EXERCISE DESCRIPTION => The answer must reproduce all of the data below exactly and contain no images.

GIVEN MATERIAL =>

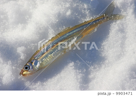 糸にかかったワカサギ,冬,朝
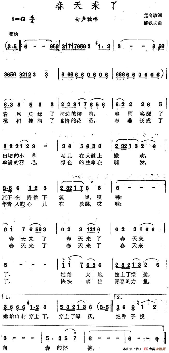 作词:孟令政 作曲:鄙铁夫 来源:中国曲谱网 上传:热爱音乐88
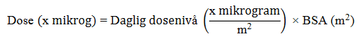 Beregn pasientens BSA (f.eks. ved bruk av Mosteller-formelen) før behandling:

EXERCISE SOLUTION =>
 糸にかかったワカサギ,冬,朝
 作词:孟令政 作曲:鄙铁夫 来源:中国曲谱网 上传:热爱音乐88
 Beregn pasientens BSA (f.eks. ved bruk av Mosteller-formelen) før behandling:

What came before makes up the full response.